HOW TO COMPLETE THIS TASK
Among the lines of the records, please find those that contain the word "White" and copy them.

[Records from a dataset]
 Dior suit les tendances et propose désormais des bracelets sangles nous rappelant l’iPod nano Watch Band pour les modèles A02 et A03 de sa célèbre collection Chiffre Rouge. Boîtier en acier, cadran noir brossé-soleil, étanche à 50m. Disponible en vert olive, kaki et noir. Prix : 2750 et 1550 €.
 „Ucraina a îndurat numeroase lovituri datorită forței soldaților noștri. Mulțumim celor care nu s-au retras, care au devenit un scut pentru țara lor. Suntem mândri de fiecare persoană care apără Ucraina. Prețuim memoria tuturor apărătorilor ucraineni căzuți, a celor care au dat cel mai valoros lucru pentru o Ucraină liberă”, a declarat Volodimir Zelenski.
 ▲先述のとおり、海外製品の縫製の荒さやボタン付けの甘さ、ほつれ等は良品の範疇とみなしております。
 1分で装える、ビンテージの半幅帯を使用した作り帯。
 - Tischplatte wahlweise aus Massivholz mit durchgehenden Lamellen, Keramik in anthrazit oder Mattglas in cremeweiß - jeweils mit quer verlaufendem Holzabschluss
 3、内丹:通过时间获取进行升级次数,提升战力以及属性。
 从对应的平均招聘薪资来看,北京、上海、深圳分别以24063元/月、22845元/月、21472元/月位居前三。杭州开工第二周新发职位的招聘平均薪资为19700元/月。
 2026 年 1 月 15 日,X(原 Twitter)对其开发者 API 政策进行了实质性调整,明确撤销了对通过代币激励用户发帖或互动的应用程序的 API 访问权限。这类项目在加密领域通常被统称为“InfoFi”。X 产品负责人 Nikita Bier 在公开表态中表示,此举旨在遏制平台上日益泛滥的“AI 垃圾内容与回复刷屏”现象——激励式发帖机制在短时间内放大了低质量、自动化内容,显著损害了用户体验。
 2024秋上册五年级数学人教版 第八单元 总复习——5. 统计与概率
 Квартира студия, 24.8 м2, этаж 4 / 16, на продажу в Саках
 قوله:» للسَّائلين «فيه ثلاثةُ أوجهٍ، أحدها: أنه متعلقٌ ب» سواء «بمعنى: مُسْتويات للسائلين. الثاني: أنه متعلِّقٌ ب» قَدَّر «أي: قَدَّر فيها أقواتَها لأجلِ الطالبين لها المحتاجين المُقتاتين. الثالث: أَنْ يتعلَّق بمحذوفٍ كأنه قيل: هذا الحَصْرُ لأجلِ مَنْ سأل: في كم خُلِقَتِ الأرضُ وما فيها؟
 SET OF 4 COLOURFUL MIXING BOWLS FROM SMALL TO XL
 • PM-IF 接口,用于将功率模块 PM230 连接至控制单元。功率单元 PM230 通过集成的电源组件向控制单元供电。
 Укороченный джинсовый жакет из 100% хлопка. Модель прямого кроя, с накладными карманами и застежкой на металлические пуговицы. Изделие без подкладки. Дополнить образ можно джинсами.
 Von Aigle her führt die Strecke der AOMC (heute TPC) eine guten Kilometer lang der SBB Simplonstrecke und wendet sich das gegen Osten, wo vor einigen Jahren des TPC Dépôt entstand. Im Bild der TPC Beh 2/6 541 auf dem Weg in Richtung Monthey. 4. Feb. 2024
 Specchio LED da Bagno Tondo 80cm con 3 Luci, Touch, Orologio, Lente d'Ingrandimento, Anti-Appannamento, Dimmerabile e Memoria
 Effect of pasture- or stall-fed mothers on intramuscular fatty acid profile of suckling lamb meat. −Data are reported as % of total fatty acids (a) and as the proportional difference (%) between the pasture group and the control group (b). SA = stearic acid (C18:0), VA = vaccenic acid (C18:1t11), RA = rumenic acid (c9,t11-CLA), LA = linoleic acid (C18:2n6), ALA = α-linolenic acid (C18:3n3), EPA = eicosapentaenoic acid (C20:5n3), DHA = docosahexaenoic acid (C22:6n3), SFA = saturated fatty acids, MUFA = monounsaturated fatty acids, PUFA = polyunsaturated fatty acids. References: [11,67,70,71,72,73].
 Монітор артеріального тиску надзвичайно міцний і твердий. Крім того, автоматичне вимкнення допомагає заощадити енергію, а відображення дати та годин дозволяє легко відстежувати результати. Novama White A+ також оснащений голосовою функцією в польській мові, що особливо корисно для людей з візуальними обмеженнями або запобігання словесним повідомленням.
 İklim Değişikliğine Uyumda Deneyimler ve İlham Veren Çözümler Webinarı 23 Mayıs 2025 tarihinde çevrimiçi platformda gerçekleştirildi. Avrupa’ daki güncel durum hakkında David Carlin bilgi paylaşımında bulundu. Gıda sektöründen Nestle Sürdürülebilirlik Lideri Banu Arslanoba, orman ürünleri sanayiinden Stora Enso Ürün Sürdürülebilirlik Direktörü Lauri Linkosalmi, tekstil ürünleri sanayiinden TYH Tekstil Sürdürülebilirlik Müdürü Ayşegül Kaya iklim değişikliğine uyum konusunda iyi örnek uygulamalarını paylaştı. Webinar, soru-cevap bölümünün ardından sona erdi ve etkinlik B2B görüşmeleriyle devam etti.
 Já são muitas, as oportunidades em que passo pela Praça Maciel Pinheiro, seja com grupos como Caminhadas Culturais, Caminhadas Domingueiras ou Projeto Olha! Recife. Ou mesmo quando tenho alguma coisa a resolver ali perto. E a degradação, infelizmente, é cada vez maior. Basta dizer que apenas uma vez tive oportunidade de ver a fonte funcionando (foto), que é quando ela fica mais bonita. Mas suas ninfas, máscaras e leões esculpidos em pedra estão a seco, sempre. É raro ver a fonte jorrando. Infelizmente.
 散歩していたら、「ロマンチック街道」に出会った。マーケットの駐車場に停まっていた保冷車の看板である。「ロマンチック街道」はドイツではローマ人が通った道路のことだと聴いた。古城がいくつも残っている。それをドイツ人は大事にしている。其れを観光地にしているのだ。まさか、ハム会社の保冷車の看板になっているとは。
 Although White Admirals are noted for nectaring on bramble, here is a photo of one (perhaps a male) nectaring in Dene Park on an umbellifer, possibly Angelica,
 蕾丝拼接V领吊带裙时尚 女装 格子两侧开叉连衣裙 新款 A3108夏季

SOLUTION TO THIS EXERCISE
 Монітор артеріального тиску надзвичайно міцний і твердий. Крім того, автоматичне вимкнення допомагає заощадити енергію, а відображення дати та годин дозволяє легко відстежувати результати. Novama White A+ також оснащений голосовою функцією в польській мові, що особливо корисно для людей з візуальними обмеженнями або запобігання словесним повідомленням.
 Although White Admirals are noted for nectaring on bramble, here is a photo of one (perhaps a male) nectaring in Dene Park on an umbellifer, possibly Angelica,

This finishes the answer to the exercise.